--- Given material ---
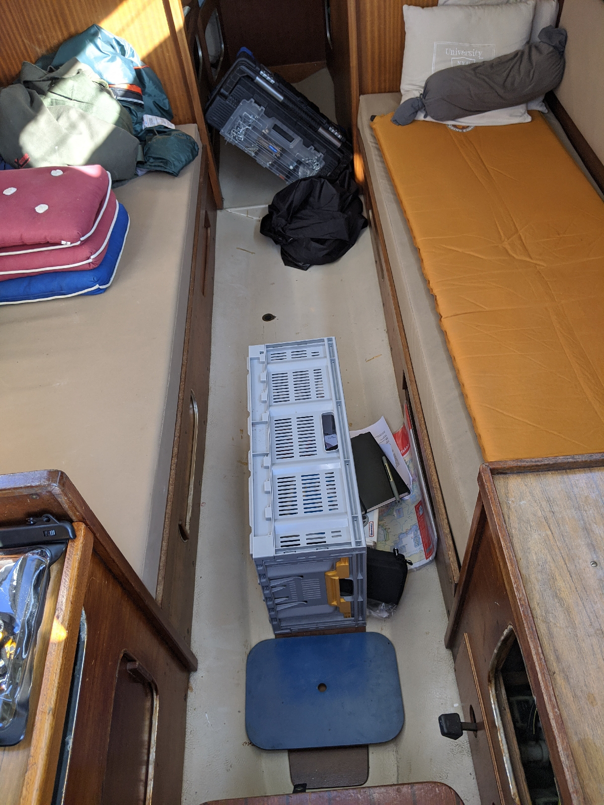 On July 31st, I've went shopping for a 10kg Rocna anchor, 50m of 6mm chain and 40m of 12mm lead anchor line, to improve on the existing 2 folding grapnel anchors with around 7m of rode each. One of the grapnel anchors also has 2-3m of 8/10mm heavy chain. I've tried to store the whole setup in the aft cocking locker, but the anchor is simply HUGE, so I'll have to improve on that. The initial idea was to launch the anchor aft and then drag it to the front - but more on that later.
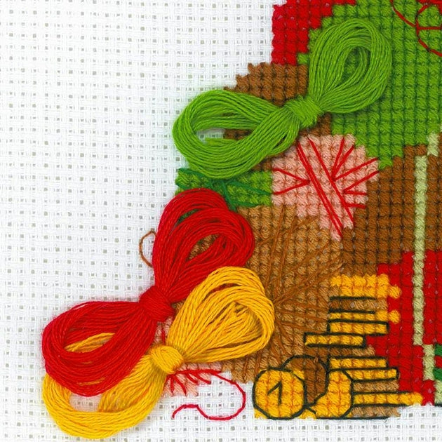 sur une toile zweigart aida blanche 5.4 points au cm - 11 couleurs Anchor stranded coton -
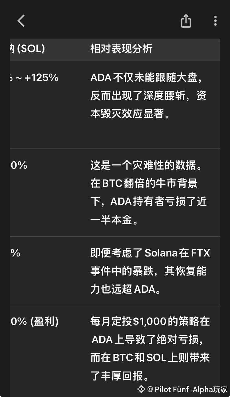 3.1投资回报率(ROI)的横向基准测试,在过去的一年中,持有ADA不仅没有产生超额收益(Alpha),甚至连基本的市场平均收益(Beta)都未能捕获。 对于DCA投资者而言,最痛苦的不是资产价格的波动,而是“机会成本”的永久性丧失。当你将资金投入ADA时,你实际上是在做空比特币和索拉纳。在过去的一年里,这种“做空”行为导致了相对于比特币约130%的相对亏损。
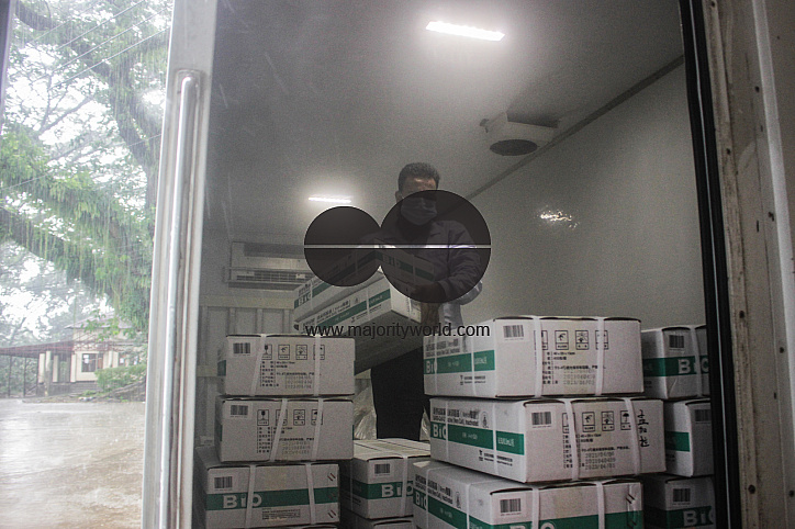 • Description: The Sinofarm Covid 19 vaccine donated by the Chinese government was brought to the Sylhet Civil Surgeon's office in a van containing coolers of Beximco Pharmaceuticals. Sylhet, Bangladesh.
---
What you need to do -
Your reply should hold only the lines running from the one with "3.1投资回报率(ROI)的" to the end of the data above, set down exactly, pictures omitted.

Result of the exercise -
 3.1投资回报率(ROI)的横向基准测试,在过去的一年中,持有ADA不仅没有产生超额收益(Alpha),甚至连基本的市场平均收益(Beta)都未能捕获。 对于DCA投资者而言,最痛苦的不是资产价格的波动,而是“机会成本”的永久性丧失。当你将资金投入ADA时,你实际上是在做空比特币和索拉纳。在过去的一年里,这种“做空”行为导致了相对于比特币约130%的相对亏损。
 • Description: The Sinofarm Covid 19 vaccine donated by the Chinese government was brought to the Sylhet Civil Surgeon's office in a van containing coolers of Beximco Pharmaceuticals. Sylhet, Bangladesh.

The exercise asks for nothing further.